Right now dynamic arrays use length to resize and handle memmory allocation. This is a bit limiting as far as the old memmory  reservation problem as well as a few other things.  What I propose is adding a new variable called capacity, which handles the actual memmory allocation and using length for the accepted size of the array.  Here are a few code fragments to show how it would work:

char[] string = new char[1024];
assert(string.length==1024 && string.capacity=1024);
string.length=0; // we've reserved memmory, but haven't freed it
version(break) writefln(string[1..4]); // throws a bounds exception, since
length is zero
string.capacity = 1300; // traditional resize with a different variable,
will be set to whatever the true capacity is
string.length = 2048; // would still work, since length is greater than
capacity so it acts the same way.  However, capacity would be the actual
amount of memmory reserved by the malloc algorithm, in this case doubling
the size of the array.
string.capacity = 0; // freed

In short, this  solves the problem of reserving memmory with little cost, while maintaining backwards compatibility.  It could also be used in the stream and socket code, where the actual capacity doesn't change but the length does, removing the need for a separate size variable, something like this:

char[] buf = new char[1024];
buf.length = 0;
Socket s;
// set up the socket
s.read(buf); // Length is set to the actual data, but capacity is the same.
This way the array is truely dynamic.

Thoughts?
-- 


Ameer
---
Life is either tragedy or comedy. Usually it's your choice. You can whine or
you can laugh.
--Animorphs

Ameer Armaly skrev:
> Right now dynamic arrays use length to resize and handle memmory allocation. This is a bit limiting as far as the old memmory  reservation problem as well as a few other things.  What I propose is adding a new variable called capacity, which handles the actual memmory allocation and using length for the accepted size of the array.  Here are a few code fragments to show how it would work:
> 
> char[] string = new char[1024];
> assert(string.length==1024 && string.capacity=1024);
> string.length=0; // we've reserved memmory, but haven't freed it
> version(break) writefln(string[1..4]); // throws a bounds exception, since length is zero
> string.capacity = 1300; // traditional resize with a different variable, will be set to whatever the true capacity is
> string.length = 2048; // would still work, since length is greater than capacity so it acts the same way.  However, capacity would be the actual amount of memmory reserved by the malloc algorithm, in this case doubling the size of the array.
> string.capacity = 0; // freed
> 
> In short, this  solves the problem of reserving memmory with little cost, while maintaining backwards compatibility.  It could also be used in the stream and socket code, where the actual capacity doesn't change but the length does, removing the need for a separate size variable, something like this:
> 
> char[] buf = new char[1024];
> buf.length = 0;
> Socket s;
> // set up the socket
> s.read(buf); // Length is set to the actual data, but capacity is the same. This way the array is truely dynamic.
> 
> Thoughts?

Where would the capacity value be stored? Today the capacity is (as far as I understand) stored by the GC in correspondance to the the allocated  chunk of memory.

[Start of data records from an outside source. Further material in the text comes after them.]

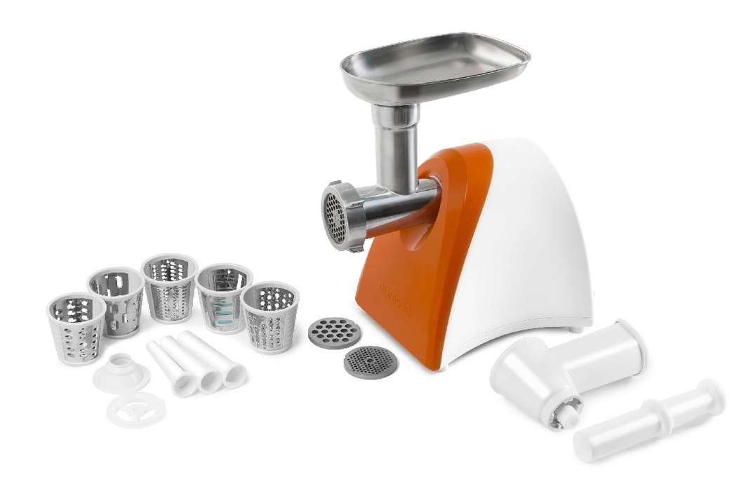 Компания OURSSON представила на российском рынке очень необычную мясорубку: компактную, многофункциональную и почти бесшумную. Приборы с настолько низким уровнем шума до сих пор являются большой редкостью. Помимо трех дисков для мяса разного диаметра, мясорубка комплектуется тремя насадками для приготовления колбасок — большой, средней и малой. Насадки для шинковки и терки, в том числе редко встречающаяся специальная насадка для натирания твердого пармезана, помогут разнообразить меню и сэкономят время и силы. Реверс в случае необходимости проворачивает шнек назад и помогает достать застрявшие кусочки. Прибор рассчитан на работу с мясом разной жесткости.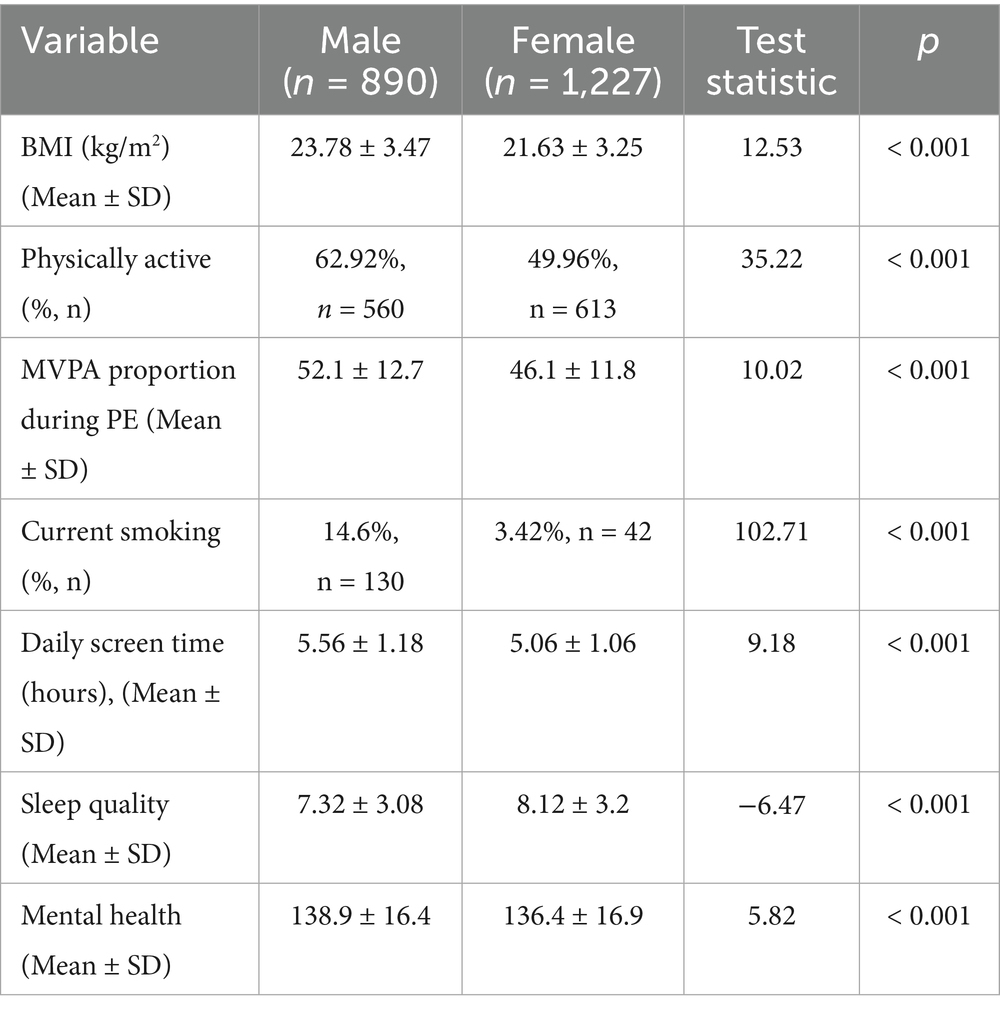 A total of 2,117 valid questionnaires were collected from 2,953 distributed, yielding a response rate of 71.68% (age: 20.59 ± 0.62 years; female: 57.96%). Figure 1 shows the characteristics of the participants. 15.77% of students rated their financial status as good. 31.22% of students were overweight and obese (BMI ≥ 24) and 55.41% met the recommended physical activity level. The proportion of PE lesson time spent in MVPA was 48.62% ± 12.31%. Most students were non-smokers (91.87%) and 38.5% of students classified as having poor sleep quality. The mean daily screen time was 5.28 ± 1.12 h and mental health score was 137.47 ± 16.73, indicating generally positive mental health values in this population.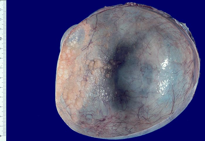 Unilokuläre Zyste mit glatter Oberfläche. Zysteninnenauskleidung mit fokalen papillären Knötchen.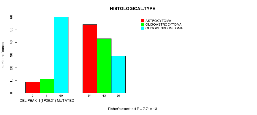 2 subtypes identified in current cancer cohort by 'Del Peak 1(1p36.31) mutation analysis'. These subtypes correlate to 'HISTOLOGICAL.TYPE'.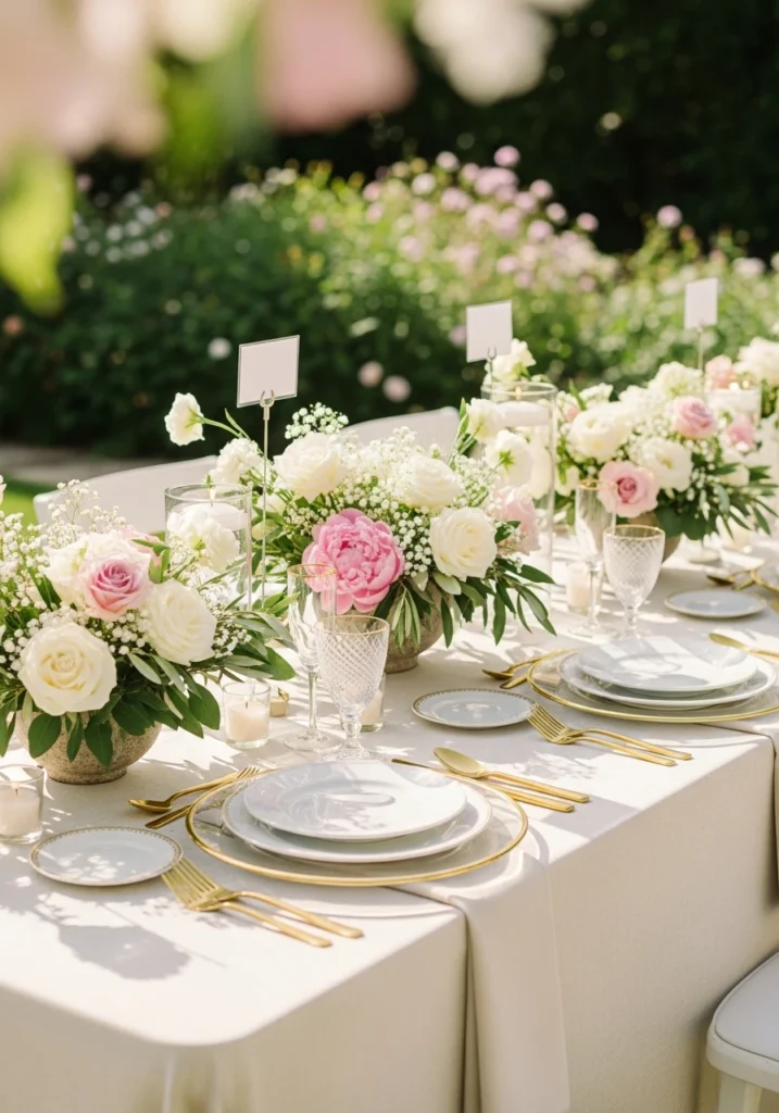 This tablescape knows exactly what it’s doing. The ivory tablecloth with subtle texture provides a beautiful neutral base, while champagne-toned tableware adds warmth without going full gold glitter. Low floral centerpieces in glass and stone vessels keep sightlines open so guests can actually talk to each other.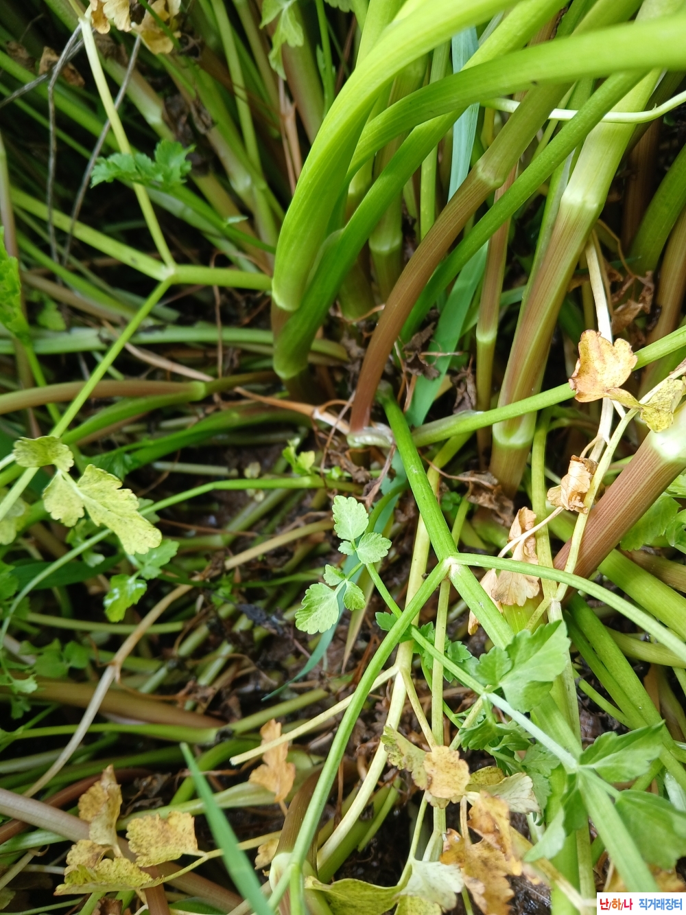 청정 산기슭 계곡 자연산 붉 돌미나리
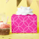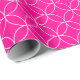 Papier d'emballage conçu avec un motif circulaire superposé, blanc sur rose chaud. Customisez facilement l'arrière - plan rose.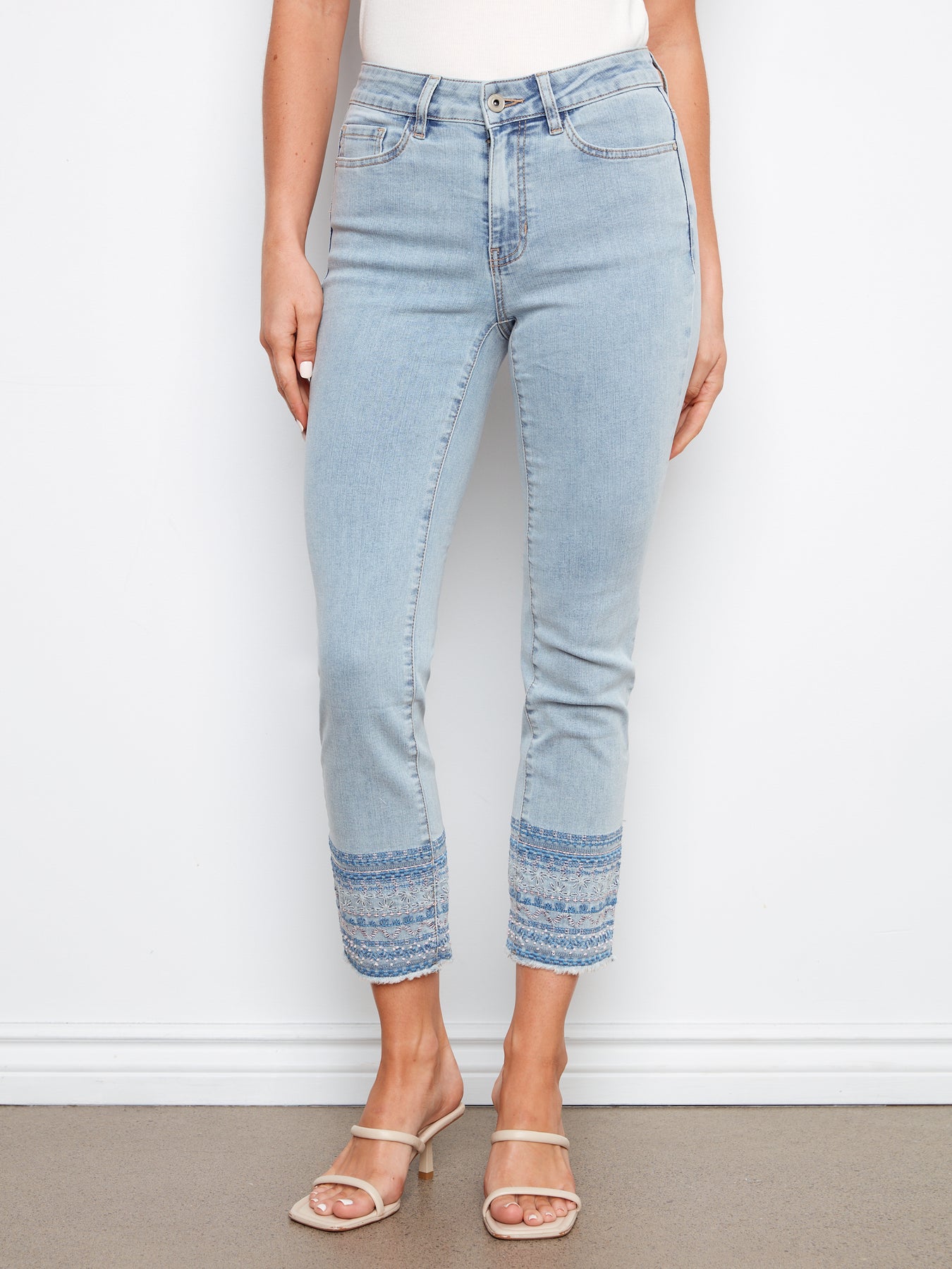 Stretch Denim Slim Pants With Hem Embroidery

What could be done is having a virtual .capacity property that when set to a value makes sure the capacity is /at least/ the value set and returns the actual capacity when read. So for example after doing
arr.capacity = 1024;
arr.capacity could be something at least 1024, like probably 2047.

/Oskar

I'd like such a capacity property. The implementation need not even do anything and it merely be a request. A good thing about capacity is that it doesn't need to pre-initialize this extra memory since it's not even accessible yet.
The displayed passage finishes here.